On my 64 bit, I like to try the major revisions. Right now, it's running 2.6.26, both vanilla and gentoo sources. The last upgrade before that was to 2.6.25-gentoo-r3. It is also the only machine in my computer corral that ran a .24 kernel for longer than an hour.

On this machine, I only upgrade the kernel when I can assure full wireless connectivity. Consequently, this machine has been running 2.6.22.19 and 2.6.22-gentoo-r10 since their release. Only when .26 came out and supported ndiswrapper did I decide to switch. I need to be able to rely on my wireless networking with this machine. Therefore, it only gets kernels if the wireless comes up working right the first time, every time.

Blessed be!

Pappy

----------

## baeksu

I usually have some short laundry list of issues to fix, so when I have enough free time (a few times a year), I update the kernel, the system, do a reboot, and see whether the list can be pared down. I try not to pick .0 a kernel version, so that I don't get caught by any regression bugs. 

Last time I update the kernel was to fix the vmsplice problem and set up tuxonice. I'll probably upgrade in a month or two, once the mtrr bug has been fixed (also waiting for KDE 4.1).

----------

## Monkeh

I pick the latest code out of git whenever I can be bothered. Kernels are easy to upgrade. Now, things like hal and udev.. they're scary.

----------

## Akkara

Usually every 2nd or 3rd one that hits stable.  Depends how much I like the old one.  (Right now, 2.6.25-gentoo-r6 is doing low-latency real-time audio a lot better than any kernel in recent memory so I'll probably be sticking with this one for some time.)

I check the changelogs pretty often to see what's up so if it fixes something I'm using I'll update sooner.  Otherwise give it several days or so after stable and then make sure there aren't any new xfs-related bugs (I use xfs a lot  :Smile:  ).

----------

## poly_poly-man

hey, can someone with the .26 kernel try out compiling v4l-dvb-hg (the mercurial branch of v4l-dvb - preferribly from mercurial, not portage.)... you don't have to install, just tell me if it compiles.

thanks,

poly-p man

----------

## Monkeh

 *poly_poly-man wrote:*   

> hey, can someone with the .26 kernel try out compiling v4l-dvb-hg (the mercurial branch of v4l-dvb - preferribly from mercurial, not portage.)... you don't have to install, just tell me if it compiles.
> 
> thanks,
> 
> poly-p man

 

Worked fine a week or so ago when I built it against a post-.26 git tree. ps. the ebuild pulls from hg anyway, so it makes no difference.

----------

## frostschutz

I go to www.kernel.org from time to time, and when there is a new version, I download it - the whole tar archive for major upgrades (2.6.x), the patch file for minor upgrades (2.6.x.y).

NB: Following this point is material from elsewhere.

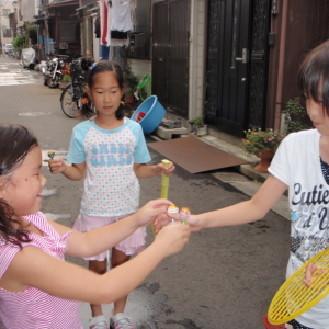 遊んでいたハルカたちにチュッパチャップスを持っていったら、味の好みでジャンケン開始。
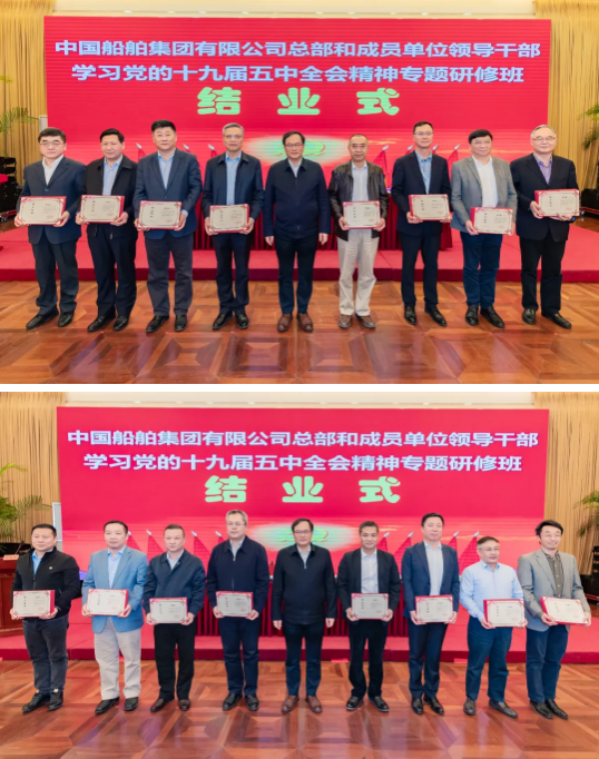 4月23日,中國船舶集團有限公司總部和成員單位領導干部學習黨的十九屆五中全會精神和黨史學習教育專題研修班圓滿結業。培訓期間,中國船舶集團黨組書記、董事長雷凡培以《深入貫徹落實習近平總書記重要指示批示精神 努力加快建設世界一流船舶集團》為題給全體學員們講授了第一課,中國船舶集團黨組副書記、總經理楊金成,黨組成員、副總經理孫偉、盛紀綱以及相關部門負責人先后出席各期結業式并聽取了學員們的學習匯報。

The rest is pretty much automated process, i.e. I copy the config, make oldconfig, compile and install the kernel.

With the next reboot the new kernel becomes active.

Doing it for years like this, never had any issues with it.

----------

## asturm

Yep, I do update almost every minor revision as soon as it gets keyworded.

----------

## MasterDragon

I usually update my kernel as a side effect to keeping the kernel sources up to date and needing to change something in the kernel config.

----------

## bigbangnet

I'm the same type of guy that can say "If it ain't broke, don't fix it". But I ain't afraid of playing with my kernel. I remember the first day I tried to install gentoo when I wondered how to boot the #*(#UJ thing. Look at me today, I love Gentoo.  :Twisted Evil: 

----------

## pdw_hu

ASAP :)

Back in Slackware I upgraded as soon as a stable release occured. (Sometimes i've even used late -rc-s).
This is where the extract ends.